Walking on Broken Glass - Christa Allan [5]
“I lost my sanity at the apple juice case,” I repeated to Dolores, the intake clerk who scribbled information onto whatever form they used to admit the inebriated. She placed her pencil on the glass-topped desk, clasped her hands over the clipboard, and peered at me over her reading glasses.
“Were you buying it to mix drinks?” she asked quietly, as if afraid the question would hurt me.
I’m being admitted into rehab by a woman who clearly failed to understand that apple juice mixed with few, if any, hard liquors. My galloping knees knew that was something to be jittery about. Hadn’t I explained the twelve-pack of beer in the grocery cart? Why would I be worried about mixing? Did rehab centers hire teetotalers so they’d never have to worry about employee discounts for services?
“Noooo. It just seemed too overwhelming to decide which brand to buy. You know, the whole cost per ounce thing.”
No doubt Dolores knew I was ready for admission after that, but she persisted. She asked who referred me.
“This was all my friend Molly's idea. She even made the appointment for me. This morning after our walk. Before my husband's golf game ended.” Good grief. My inner child needed a nap.
This information about Molly seemed both unsurprising and amusing to Dolores. “Yes, it often works that way. People see in us what we can’t see in ourselves. Don’t need mirrors here.”
Thirty minutes later, Dolores and I agreed I would voluntarily admit myself the morning of July 4.
Leah Adair Thornton. Age 27. Middle-stage alcoholic.
3
Carl … I’m checking into Brookforest, the rehab clinic …”
Carl looked as if someone was approaching him with a rope and a fast horse.
Seeing his eyebrows almost meet in the middle of his face, I was relieved he’d chosen a table wedged in the corner instead of a booth in the middle of the restaurant.
The strategy Molly and I had concocted was for the night to conclude with my enlightened and sympathetic husband reassuring me all would be well.
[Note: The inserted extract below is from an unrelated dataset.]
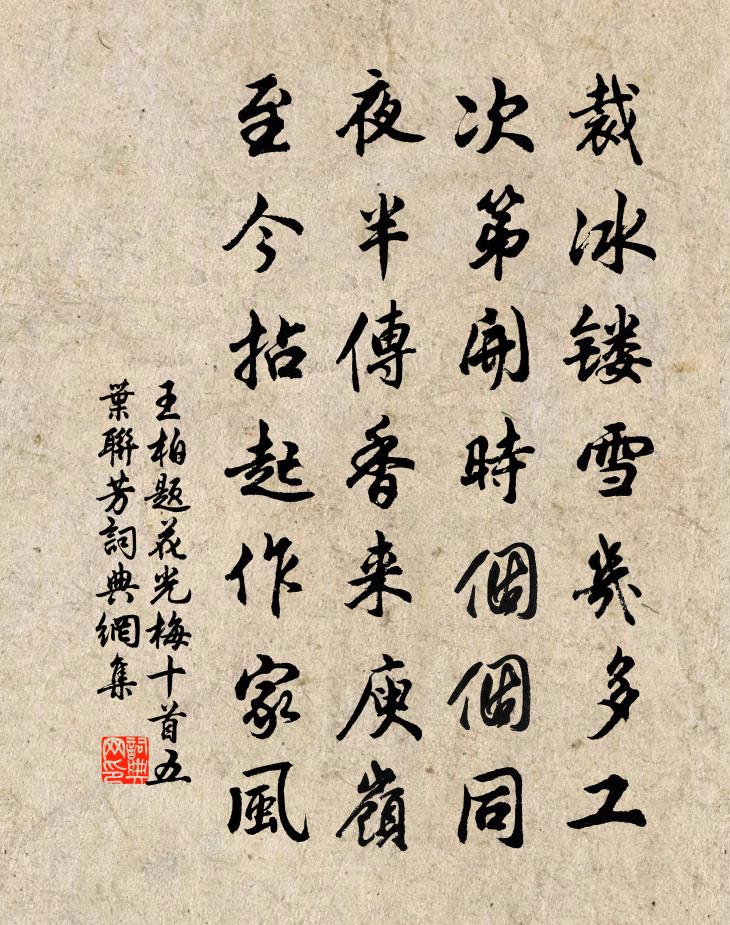 詩詞名句歷史字典書法欣賞書法字典國語詞典說文解字康熙字典古漢語字典標 題 作 者 詩 句 題花光梅十首五葉聯芳作者:王柏 朝代:宋代題花光梅十首五葉聯芳原文裁冰鏤雪幾多工,次第開時個個同。夜半傳香來庾嶺,至今拈起作家風。詩詞問答問:題花光梅十首五葉聯芳的作者是誰?答:王柏問:題花光梅十首五葉聯芳寫於哪個朝代?答:宋代王柏題花光梅十首五葉聯芳書法欣賞題花光梅十首五葉聯芳書法作品詩詞推薦偈七首釋允韶〔宋代〕一五二五,機輪無阻。南山起雲,北山下雨。有人卻道錦上添花,有人又道泥中洗土。有人又道離此二途,便見丹和昭文相公上巳宴歐陽修〔宋代〕一雨初消九陌塵,秉蘭修禊及芳辰。恩深始錫龍池宴,節正須知鳳歷新。紅琥珀傳杯瀲灩,碧琉璃瑩水奫淪。上林題扇張鎡〔宋代〕梧竹風來玉枕涼,月高偏愛占華堂。休言境界親曾有,畫出如聞夜氣香。和楊高品馬廄猢猻梅堯臣〔宋代〕嘗聞養騏驥,辟惡系獼猴。供春新教藝,將軍舊病偷。聊看緣柱杪,尚想傍崖頭。更祝南州使,如拳試為求。柳梢青(次韻趙德莊)管鑒〔宋代〕神仙墮謫。天為賦與,經綸才識。蓋代聲名,宗英惟向,翰林頌白。黃堂一笑留客。算此處、淹留未得。且對清尊送魏錄事劉克莊〔宋代〕君去民稱頌,吾州錄事廉。平心決蠻觸,恕筆讞髠鉗。守法仁人勇,持身處女嚴。城中旗傍盛,不欠惡詩拈。贈逍遙子蔡元厲〔宋代〕身在逍遙境,開庵寓此身。紅塵不到處,白日獨閒人。月滿雲月夜,花留玉洞春。坐中無俗客,猿鶴故相親。二月十六日,與張、李二君游南溪,醉後,相蘇軾〔宋代〕終南太白橫翠微,自我不見心南飛。行穿古縣並山麓,野水清滑溪魚肥。須臾渡溪踏亂石,山光漸近行人稀。窮探再和並答楊次公蘇軾〔宋代〕昆盧海上妙高峰,二老遙知說此翁。聊復艤舟尋紫翠,不妨持節散陳紅。高懷卻有雲門興,好句真傳雪竇風。唱我別息道二十二弟晃沖之〔宋代〕中令有清德,風流二百年。舉家惟食粥,絕口不言錢。里閈容吾老,庭闈賴汝賢。陶丘過范蠡,莫泛五湖船。核舟記魏學洢〔明代〕明有奇巧人曰王叔遠,能以徑寸之木,為宮室、器皿 、人物,以至鳥獸、木石,罔不因勢象形,各具情態。嘗貽秋中寄崔道士姚合〔唐代〕貧居雀喧噪,況乃靜巷陌。夜眠睡不成,空庭聞露滴。旁有一杯酒,歡然如對客。月光久逾明,照得筆墨白。平生金陵一本同下題作二首王貞白〔唐代〕六代江山在,繁華古帝都。亂來城不守,戰後地多蕪。寒日隨潮落,歸帆與鳥孤。興亡多少事,回首一長吁。憶齊安郡杜牧〔唐代〕平生睡足處,雲夢澤南州。一夜風欺竹,連江雨送秋。格卑常汩汩,力學強悠悠。終掉塵中手,瀟湘釣漫流。送勝因長老釋重顯〔宋代〕黃梅散席三百載,續焰聯芳事空在。宗兮派兮生異端,花兮葉兮太煩碎。韶陽間出多慷慨,權要雄雄曾絕待。曲木鹽井李新〔宋代〕鑿到金輪水際通,綆長牛領血垂紅。作梅後日看調鼎,擬雪前人慾散空。波素儘熬瀚海,虎形不待鹽南風。輸官已別曹教授三首裘萬頃〔宋代〕江花岸柳太多情,長逐春風管送迎。我亦思歸歸未得,夜窗愁聽杜鵑聲。寄華山司空侍郎徐夤〔唐代〕山掌林中第一人,鶴書時或問眠雲。莫言疏野全無事,明月清風肯放君。桃源憶故人(追和東坡韻呈曾倅子修三首)王之道〔宋代〕逢人借問春歸處。遙指蕪城煙樹。收盡柳梢殘雨。月闖西南戶。遊絲不解留伊住。漫惹閒愁無數。燕子為誰來去。柳李冶〔唐代〕最愛纖纖曲水濱,夕陽移影過青蘋。東風又染一年綠,楚客更傷千里春。低葉已藏依岸棹,高枝應閉上樓人。舞腰名句推薦瀉水置平地,各自東西南北流。鮑照《擬行路難十八首》 晚風收暑,小池塘荷淨。劉光祖《洞仙歌·荷花》 故明主必謹養其和,節其流,開其源,而時斟酌焉。荀子《荀子·富國》 惟有兩行低雁,知人倚、畫樓月。范成大《霜天曉角·梅》 暗教愁損蘭成,可憐夜夜關情張炎《清平樂·候蛩淒斷》 松江上,念故人老矣,甘臥閒雲。吳文英《沁園春·送翁賓暘游鄂渚》 話須通俗方傳遠,語必關風始動人。馮夢龍《警世通言·卷十二》 無限河山淚,誰言天地寬夏完淳《別雲間》 貧而無諂,富而無驕孔子弟子《論語·學而篇》 誰言寸草心,報得三春暉。孟郊《遊子吟 / 迎母漂上作》

Already the plan required some tweaking. Maybe, before I blabbered on, I could guarantee background noise by paying a bus-person to strategically drop a tray of dishes.
“How is it that you’ve suddenly decided you drink too much? Maybe it's not the drinking. Maybe you’re just having a nervous breakdown.”
Carl had obviously not read the script I’d mentally prepared for him.
I should have planned this better. Having breakfast as dinner to tell my husband of five years I’m leaving him for a month was probably frowned on by Dolores and the admissions staff at rehab. But after tonight, it might be a new question on the screening test:
“Do you consider breakfast a more appropriate meal at which to reveal your addiction to a loved one?”
When I announced I thought I drank too much, I theorized it’d be best not to be drinking. Although breakfast could be counted technically on the list of acceptable meals for having drinks. On our last visit to New Orleans, we’d reserved a table in the Garden Room at Commander's Palace. I had gauzy memories of sipping mimosas and Bloody Marys, listening to jazz, and sleeping in the taxi on the way back to our hotel. But our local Eggs in a Basket in my little suburban oasis was as far a cry from Commander's as I was from being an angel in a Victoria's Secret commercial.
I managed to remain mute until waitress Tina finished jotting our orders and cruised off in the direction of the kitchen before I answered Carl.
“Right. A nervous breakdown. I’m having a nervous breakdown—in the summer when I’m not teaching.” My drawling sarcasm shifted to rising frustration. “Besides, haven’t those gone out of style? Really, does anyone even have a nervous breakdown in the twenty-first century? What is that anyway?”
Rhetorical question lesson.
“What do you want from me, Leah? I think I’m meeting you for dinner, and you slam me with this?” He slid his fingers into the top pocket of his shirt, reaching for his phantom cigarettes. He quit two years ago, but the gesture lingered.